Szefostwo linii Ryanair wierzy, że poprawione standardy obsługi przełożą się na wzrost ruchu pasażerskiego do ponad 80 mln rocznie. Jak chcą tego dokonać? Zniknąć mają opłaty paliwowe, unowocześniona zostanie flota przewoźnika, samoloty będą bardziej punktualne. Oczywiście wszystko to byłoby niczym, gdyby nie atrakcyjne ceny biletów.
W ostatnim czasie pasażerowie, którzy latali z Ryanairem, mieli możliwość wysłania swoich pomysłów dotyczących podniesienia standardu obsługi do Michaela O’Leary, który stoi na czele irlandzkiego przewoźnika.

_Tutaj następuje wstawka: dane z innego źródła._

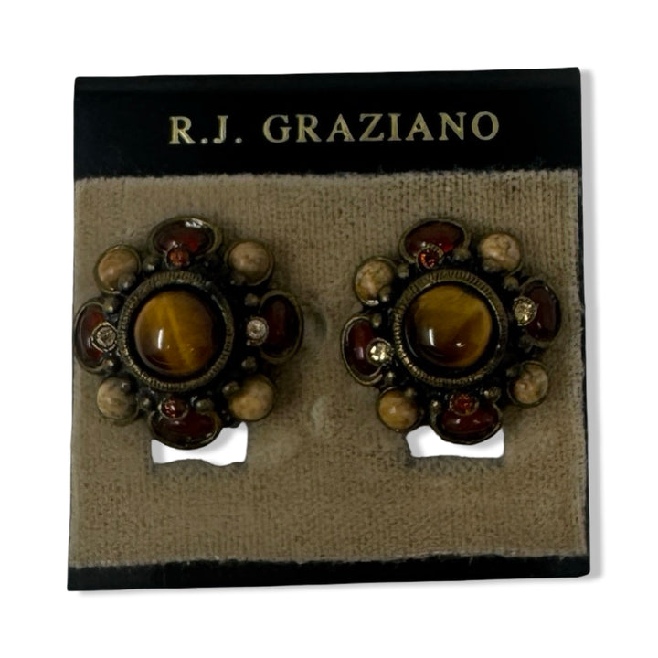 Vintage R.J. Graziano Tigers Eye Clip On Earrings
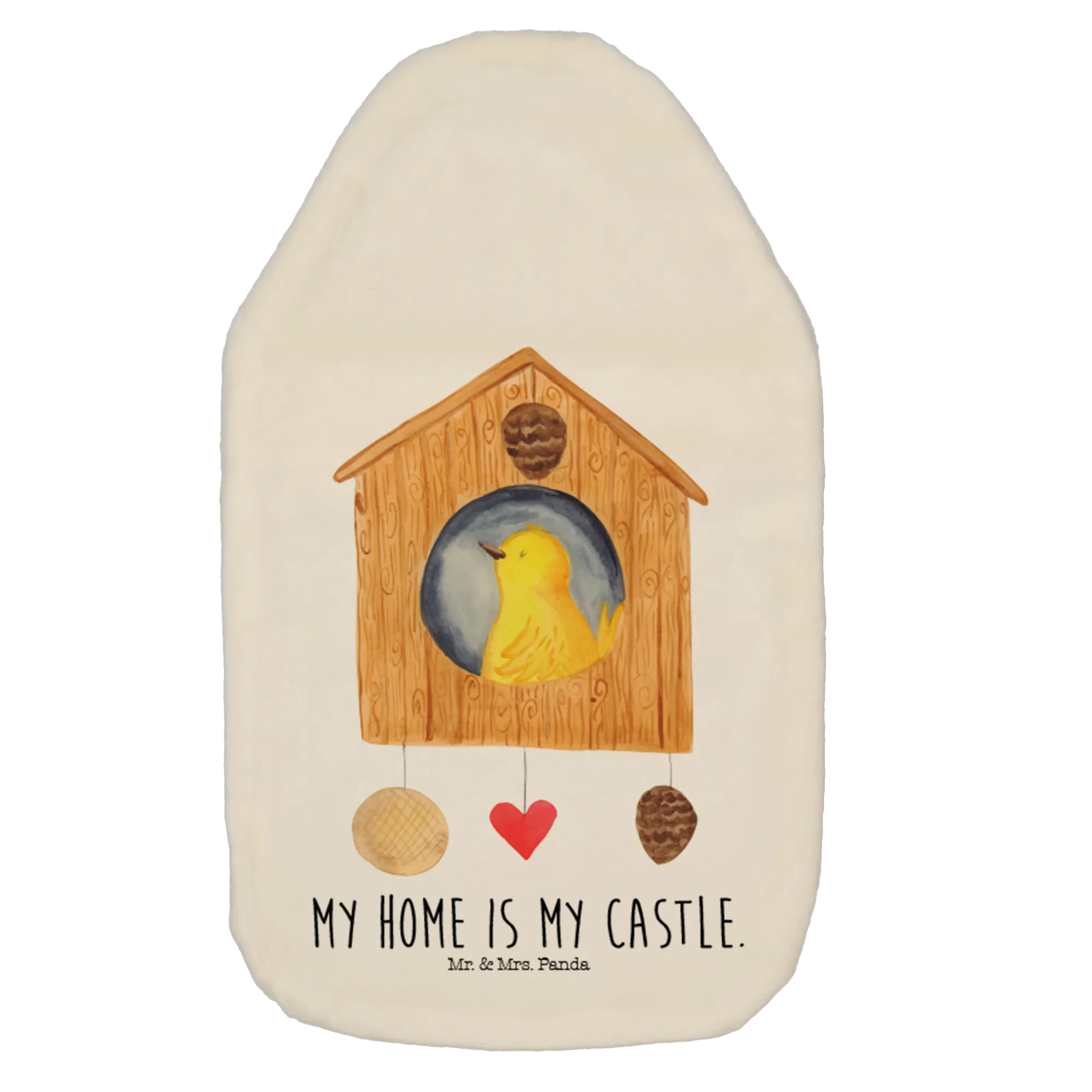 Wärmflasche Vogelhaus - mit Spruch - Gelb Pastell

W związku z sugestiami pasażerów Ryanair potwierdził, że w ciągu następnych sześciu miesięcy podniesie poziom obsługi w następujący sposób:
- ze strony internetowej zniknie kod bezpieczeństwa „Recaptcha”, który trzeba wpisywać w momencie rezerwacji biletu;
- od 1 listopada pasażerowie, którzy zakupili bilet na stronie internetowej przewoźnika, będą mieli możliwość dokonania drobnych zmian w rezerwacji przez 24 godziny od momentu zakupu biletu. Pasażerowie będą mogli skorygować ewentualne błędy (np. w pisowni nazwiska, zmianie kierunku), jakie popełnili podczas dokonywania pierwotnej rezerwacji;
- od 1 listopada linia ma zamiar wprowadzić tzw. ciche loty, czyli takie, które odbywają się przed godziną 8 rano, oraz po 21 wieczorem. Podczas „cichych lotów” na pokładach samolotów nie będzie reklam oraz żadnych innych ogłoszeń, poza niezbędnymi ogłoszeniami dotyczącymi bezpieczeństwa. Dodatkowo światła będą przygaszone, aby umożliwić pasażerom odpoczynek;
- od 1 grudnia, Ryanair pozwoli pasażerom na wniesienie na pokład samolotu drugiej mniejszej torby (małe torebki damskie lub torebka z zakupami z lotniska) nie większej niż 35 x 20 x 20 cm. Do tej pory pasażerowie Ryanaira musieli pomieścić wszystkie zakupy dokonane w strefie wolnocłowej w jednym bagażu podręcznym. Głośna była również historia, kiedy pasażerce irlandzkiej linii obsługa w samolocie kazała zapłacić za nadbagaż, którym okazała się książka trzymana w dłoni;
- od 1 grudnia, opłata za ponowne wydrukowanie karty pokładowej na lotnisku dla pasażerów, którzy dokonali odprawy online, zostanie obniżona do 71 zł. Pasażerowie, którzy nie dokonali odprawy online, będą zobowiązani dalej uiścić opłatę w wysokości 332,50 zł;
- od 5 stycznia opłaty za bagaż wykupiony na lotnisku zostaną obniżone z 285 zł do 142,50 zł. Opłaty za bagaż podręczny zostaną obniżone z 285 zł do 237,50 zł, aby zrównać ceny Ryanaira z proponowanymi przez konkurentów.